How Tech is Changing The Future of Work
Tom Cruise in "Minority Report", circa 2002.

How Tech is Changing The Future of Work

With the arrival of #AmazonGo beta store, we are all quite sure everything will Amazon Go itself. But there are some serious points here about the future of work and the coming age of automation.

It's no longer just about what Amazon means for the future of retail, it's also about the more serious economic, social and ethical implications of technology's role in human society.

Technology Companies are Disrupting Traditional industries

  • Via QR code enabled Amazon Go app, the subscription model that is Amazon Prime gets more valuable. Amazon is adding increasing value to it's subscription model that can be summarized by these few words:
  1. Echo
  2. Fresh
  3. Dash
  4. Go
  5. Google of stuff - Netflix of shopping entertainment

Technology Companies are Making Repetitive Jobs obsolete

  • IoT, robotics and AI in retail will inevitably disrupt common roles such as the cashier, sales associate, shelf stocker.
  • Self-checkout is going fully mobile with analytics made possible with computer vision that utilizes LIDAR sensors (lasers), that monetizes everything you do in the future smart store.

The Future of Advertizing is Based on the Premise of a Loss of Privacy

With the analytics of the store of the future, advertising will not only be personalized to you but timed with predictive (and prescriptive) analytics.

Personal assistants will be designed to know you better than you know yourself, as the AI-human hybrid consumer reality takes shape.

Wearables that have embedded sentiment analytics, will mean the smart home (Echo, Google Home, etc...) will know your mood and adapt accordingly when you arrive home.

Yes, the Minority Report's in-store advertising like in the Tom Cruise video is coming true, it's happening:


Tech Companies are Disrupting Legacy Industries

But the hype and the buzz is a distraction for what is really occurring here. There are increasingly signs that the automation economy is closer than we think.

  • Amazon is changing retail as a logistics company.
  • Facebook is changing content as a media company.
  • Airbnb is changing hospitality as a player in the sharing-economy.
  • Uber is changing transporation as a player in the on-demand economy.

Winners and Losers

In a very short span of time, the signs point to a scenario where the 2020s will be the definitive and disruptive decade of automation are clear. We have to start planning now to adapt to the jobs that will still be there.

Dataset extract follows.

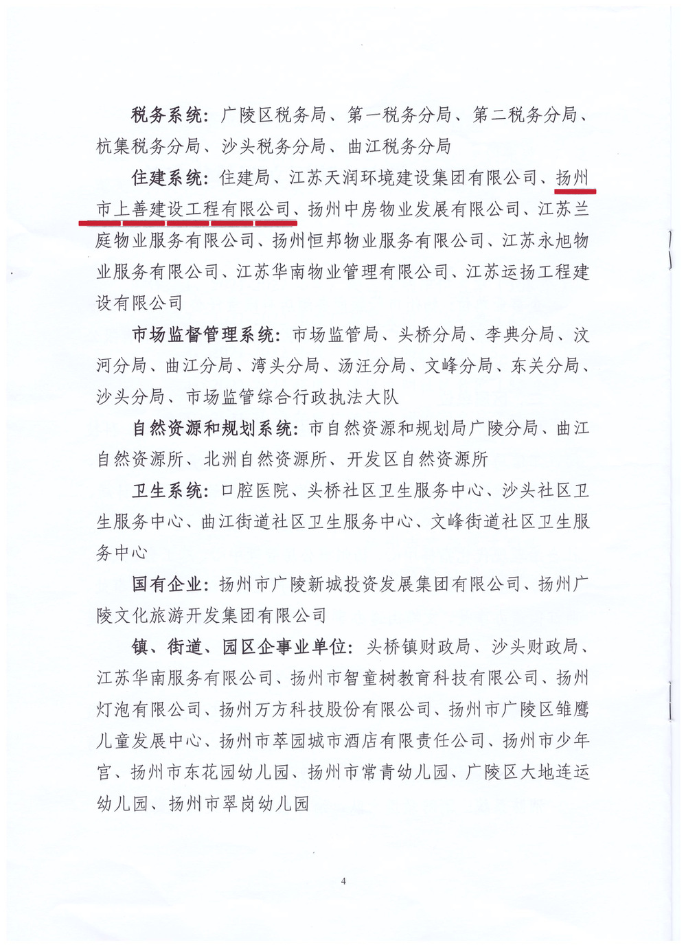 上善公司在集團(tuán)和廣陵區(qū)文明辦的正確指導(dǎo)下,積極探索文明建設(shè)的新思路、新方法,實現(xiàn)物質(zhì)文明和精神文明的同步提升。近期,廣陵區(qū)文明建設(shè)指導(dǎo)委員會發(fā)文表彰了2021-2022年度廣陵區(qū)文明單位,上善公司在此次評選中脫穎而出,被授予該項榮譽稱號。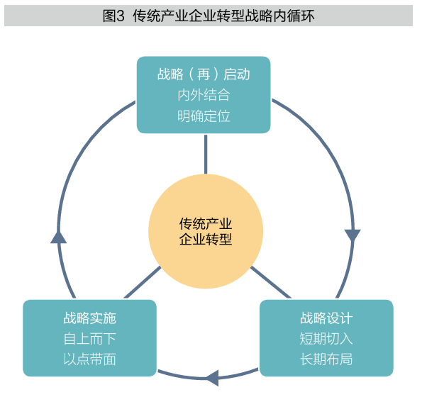 从过程视角来看,传统产业企业的数智化转型需要战略先行,依靠全局思维和系统方法分阶段逐步推进转型战略从启动到设计再到实施,最终形成内循环并不断迭代(见图3)。企业可以根据外部环境的变化和自身需求的调整持续推进转型,在依靠转型提升能级并实现跨越式发展的基础上,逐渐与产业链同游的其他企业达成转型战略的协同共演,并辐射至产业链上下游,最终带动全产业链的联动转型升级,实现转型战略企业内循环与产业外循环的同频共振。

The creepy interactive Future-Gap store in the video is not actually creepy, it's just how the future will work.

Companies like Facebook, Google, Amazon and others are building the infrastructure of a data-centric society now, as AI and machine-learning is maturing in a period of convergence. In this iteration of the American dream, fewer people will have greater privilege and ownership over the future, creating an ethical quagmire in human leadership and the unequal distribution of wealth.

Automation puts Wealth into the Hands of a few Global Tech Corporations

The first wave of automation is implicated in a few major technological events:

  1. Self-driving vehicles (Truck drivers become obsolete)
  2. The Future Store (Cashiers and most sales associates become obsolete)
  3. The Smart Factory (robotics) and Additive Manufacturing (3D-printing) where (fewer humans are required in the factory)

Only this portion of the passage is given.